Italian stock exchange: banks and monopolies

Likewise, the records of Piazza Affari should be read with intellectual honesty. The Milanese list is heavily skewed towards two sectors:

  • The banking sector accounted for about one third of the basket. Banks made resounding profits thanks to the differential between (high) loan rates and (low) deposit rates.
  • The energy giants, companies that often operate under near-monopoly conditions.

The stock market flies because those who manage capital and essential services extract value from the system, not necessarily because manufacturing companies are innovating or growing. A stock market that runs while the real economy struggles is a symptom of a rent economy.

The wage drama and the bargaining trap

Here the brutal link between macroeconomics and real life emerges: when a country does not grow, wages cannot grow. The 30-year stagnation has created a glass ceiling. The Parliamentary Budget Office (UPB) confirms that, despite falling inflation, real wages will remain lower in 2025-2026 than in 2021.

In a country where productivity has been at a standstill for decades, there is no room for wage increases other than simple and partial inflationary recoveries. To break out of this stalemate, we need the courage to unhinge a centralised contractual system that today appears anachronistic and punitive.

Public debt: the need for courageous cuts

If bargaining reform is the driving force for the private sector, the management of public debt remains the boulder blocking the state.

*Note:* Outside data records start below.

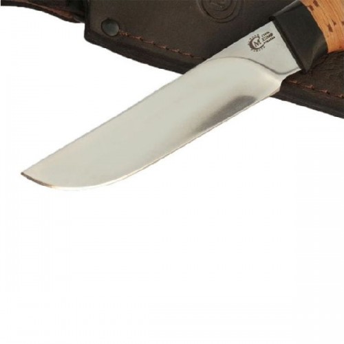 Клинок изготовлен из стали Х12МФ, а это значит, что его острота заточки на высоте. Установлено, что даже после разделки по костям и вскрывания металлических банок лезвие ножа остаётся острым, без засечек. Такой клинок славится своей прочностью, сталь выдерживает морозы и жару, при этом лезвие не портится.
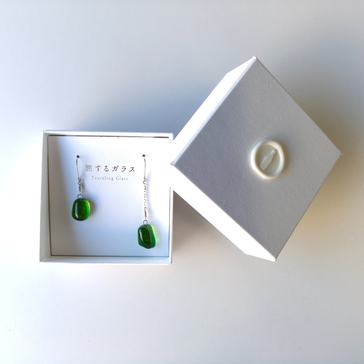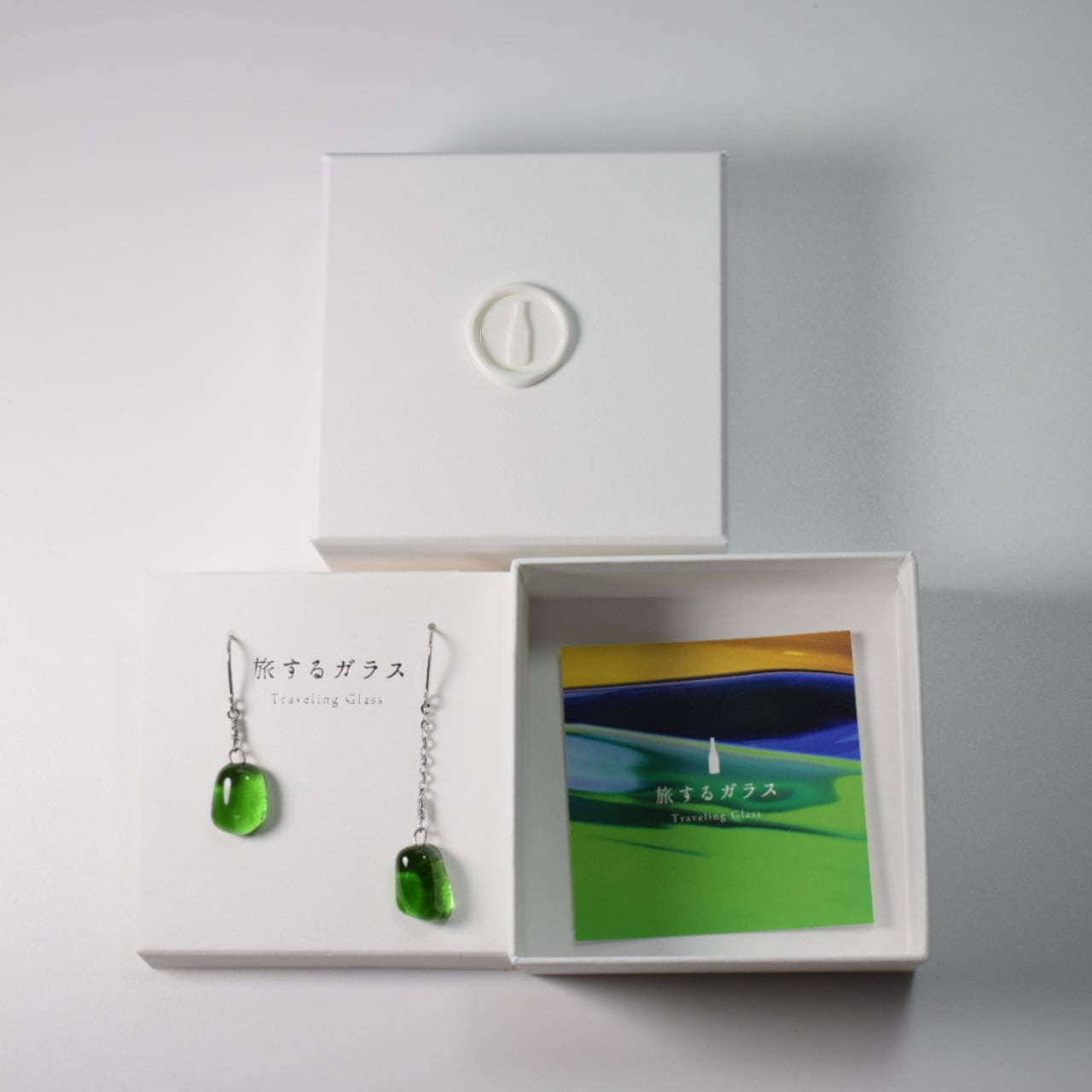 「旅するガラス」のロゴをエンボス加工でさりげなくあしらった上品な仕立てです。
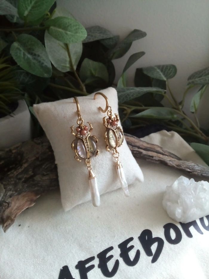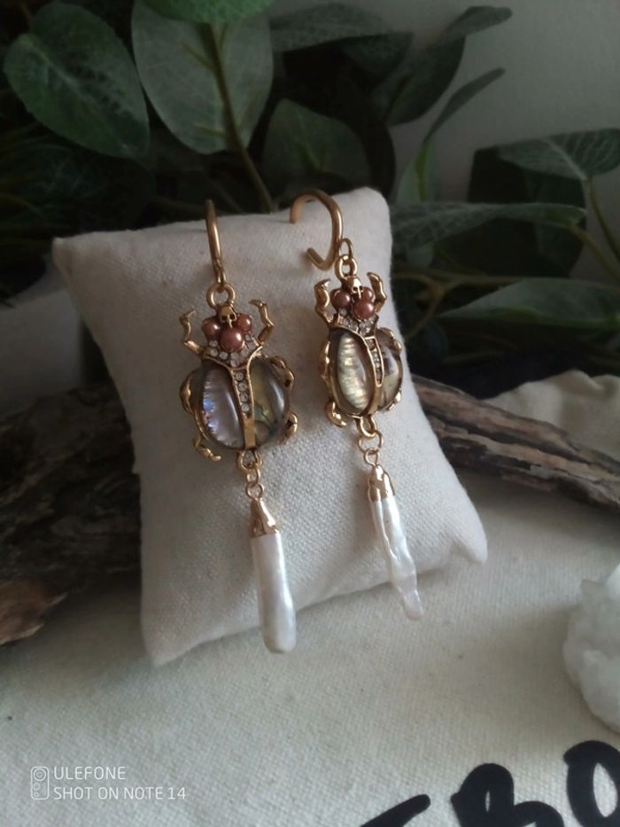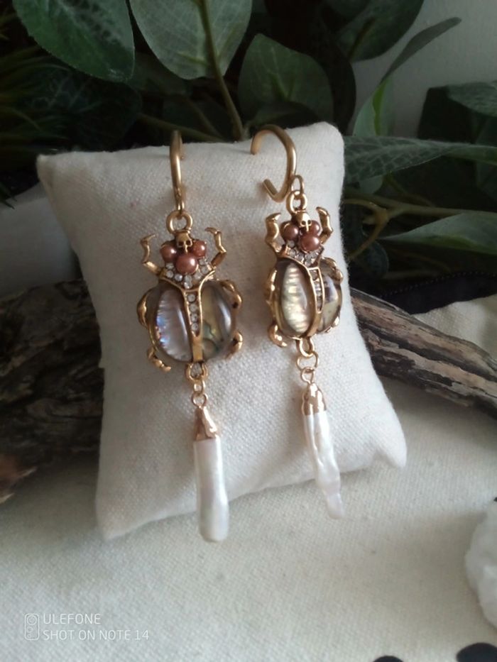 Boucles d'oreilles bohèmes scarabées abalone et perles de culture d'eau douce
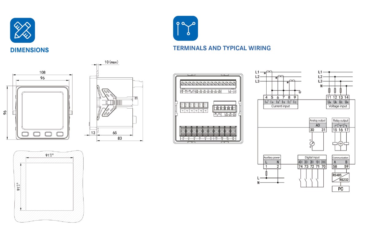 - LNF96 EY : Là dòng sản phẩm thông thường, đáp ứng nhu cầu của các nhà làm tủ bảng điện để theo dõi các thông số trong tủ
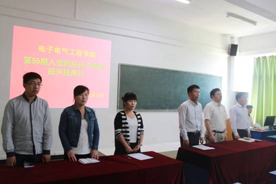 典礼开始,先介绍到场的领导和老师,之后全体起立,在雄壮的《国歌》中开始。接下来,电子电气工程学院林莉莉老师宣读了55期培训班的安排和工作要求。随后,bat365在线官方网站组织部长副部长孙璞辰讲话,他首先对参加本期业余党校培训班的全体学员表示热烈的祝贺,就如何做一名优秀入党积极分子提出了=希望和要求。最后,院党总支书记徐纪珂致辞,要大家明确培训意义,提高思想认识;端正学习态度,提高学习效果;遵守党课纪律,科学安排,取得优异成绩;从身边小事做起,践行实际行动,鼓励同学们奋发向上,早日成为一名合格的党员,衷心祝愿本期培训班取得圆满成功。
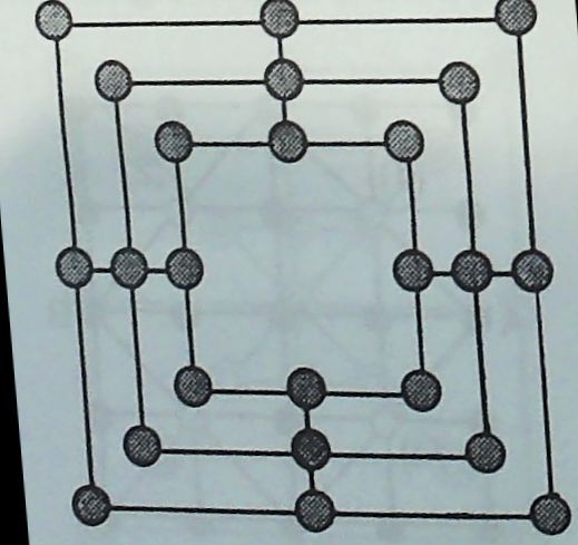 - Three concentric squares with lines connecting their midpoints. Nine pieces per player. Players alternate turns placing pieces on the board or moving one piece on the board to an adjacent empty spot. The first player to get three of their pieces in a row wins.

We can no longer afford to consider debt as an independent variable. With a debt approaching 140% of GDP, every fluctuation in rates takes billions away from health, education and tax cuts.

It is time for bold proposals on public spending. No longer are cosmetic spending reviews that cut a few million without making a dent in structural inefficiencies sufficient. It is necessary:

  • Selective but profound cuts: take action on unproductive public participations and on market-distorting windfall subsidies.
  • State efficiency: reduce current expenditure to free up resources to reduce the tax burden on businesses and workers.
  • European credibility: only by actively reducing its debt can Italy stop being the special watchdog of Brussels and Frankfurt and recover sovereignty over its economic choices.

Conclusion

The Italy of 2026 enjoys an apparent calm. Spread stability and stock market records are breaths of fresh air, not the cure. The cure remains real growth through contract reform and a drastic cut in public debt.
Without these measures, at the end of the NRP, Italy runs the risk of discovering that doing better than Germany was just a statistical illusion, in a continent that in the meantime has started running again without us.